Sentiment Analysis: Examines datasets from Spanish-English, Malayalam-English, and Tamil-English, focusing on binary sentiment classification.
Machine Translation: Utilizes Hinglish-English sentence pairs to evaluate translation performance.
Summarization: Leverages the Gupshup dataset for Hinglish to English summaries.
Word-Level Language Identification (LID): Includes tasks involving Hindi-English and Standard-Egyptian Arabic data.

Models Evaluated

The paper considers numerous multilingual LLMs, including BLOOMZ, mT0, XGLM, and ChatGPT, examining their performance in zero-shot, few-shot, and fine-tuning contexts.
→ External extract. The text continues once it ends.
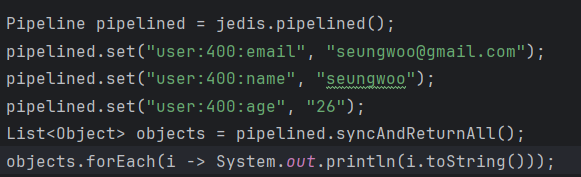 - syncAndReturnAll() : Pipleline객체로 요청한 명령을 하나로 묶어서 요청해준다.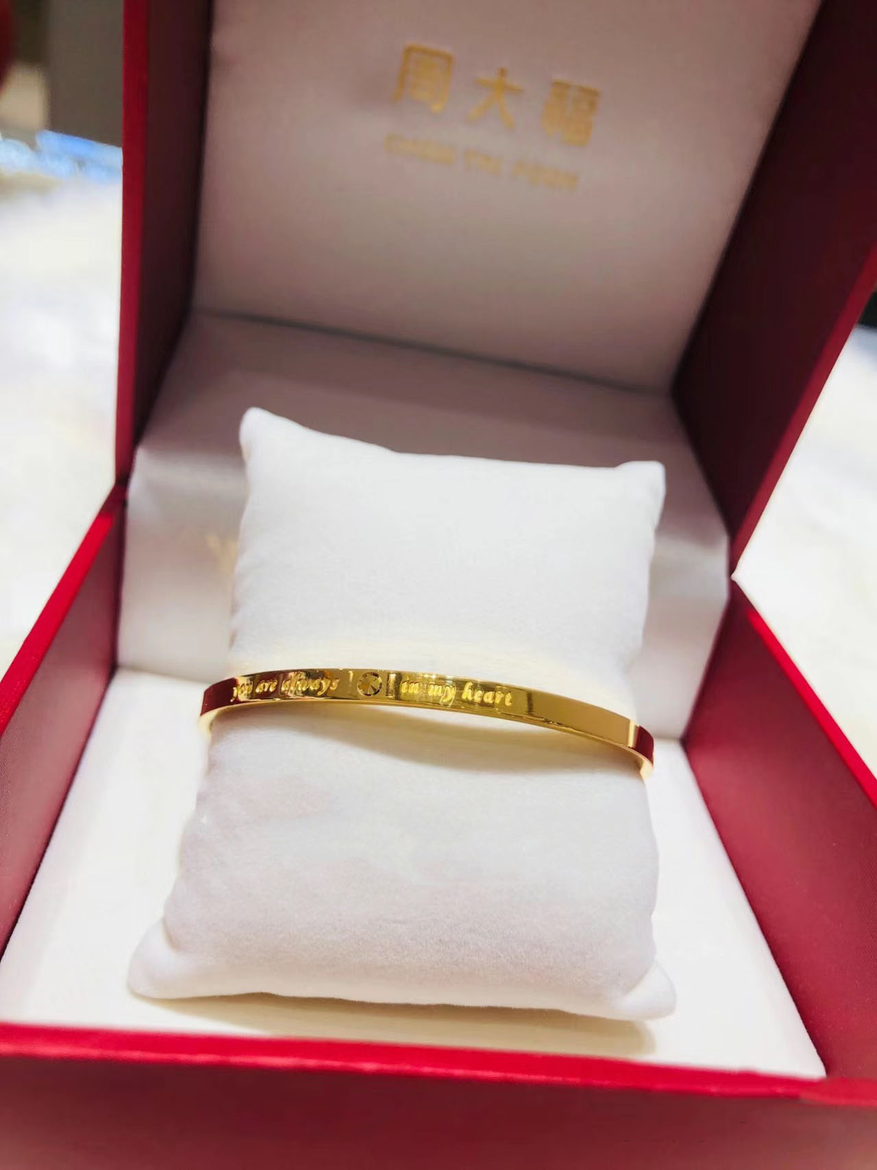 周大福代购 足金新款字母黄金手镯镜面亮面正品克减80计价F225130

The comparison reveals a substantial performance deficit in LLMs when handling code-switched inputs as opposed to monolingual tasks.

Results and Discussion

Overall Performance

Despite scaling advantages, multilingual LLMs fall short compared to smaller fine-tuned models across various tasks.
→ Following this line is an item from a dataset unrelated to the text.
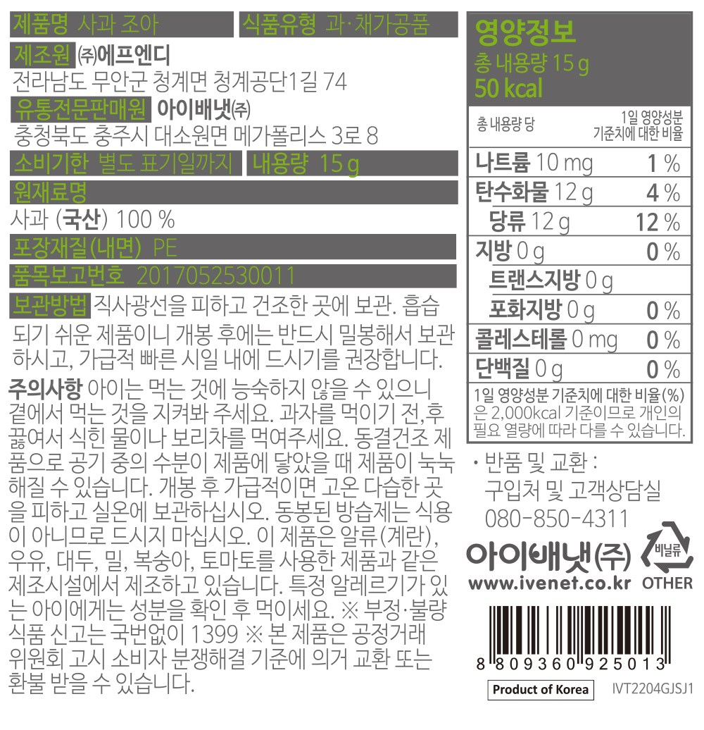 | 포장단위별 내용물의 용량(중량), 수량 | 15g x 8개 | 원재료명 및 함량 | 컨텐츠 참조 |

Figure 1: Evaluation results of fine-tuning and prompting LLMs of different scales on various CSW tasks. (top left) F1-score on the sentiment analysis task, (top right) BLEU score on the machine translation task, (bottom left) ROUGE-L on the summarization task, and (bottom right) F1-score on the word-level language identification task. (FT) means results are from fine-tuned models.

Sentiment Analysis

Fine-tuned models outperform larger LLMs across all sentiment datasets, indicating a struggle for mT0 and other models to grasp sentiment in CSW contexts.

Figure 2: LLMs' sentiment analysis evaluation on (left) Sentimix Spanish-English, (center) MixSentiment Malayaman-English, and (right) MixSentiment Tamil-English.

Machine Translation

The performance gap is particularly noticeable in Hinglish-English translation tasks, with fine-tuned models achieving significantly higher BLEU scores.

Figure 3: Performance comparison on (top) Hindi→English vs Hinglish→English translation and (bottom) Hinglish→English vs English→English summarization.

Summarization and Language Identification

Fine-tuned strategies remain superior in both summarization and LID tasks. Zero-shot and few-shot performances indicate LLMs' difficulties with CSW text structures, requiring more input examples to approach fine-tuned performance levels.

Implications for Future Research

For LLMs to excel in CSW contexts, enhancements are necessary in several areas:

Data Representation: Better representation of CSW data is required during multilingual pretraining.
Optimization Objectives: Adapting meta transfer learning and token-span LID objectives may enrich LLMs with more robust CSW capabilities.
Inclusive Language Technology: Incorporating CSW features into LLMs could improve LLMs' inclusivity, reflecting users' authentic linguistic identities.

Conclusion

This paper underscores the inadequacies of current multilingual LLMs in handling CSW scenarios, stressing the need for improved data and training strategies aimed at integrating CSW as a core feature. Future work should aim to develop comprehensive evaluation frameworks and create richer CSW datasets to advance LLM capabilities in this domain.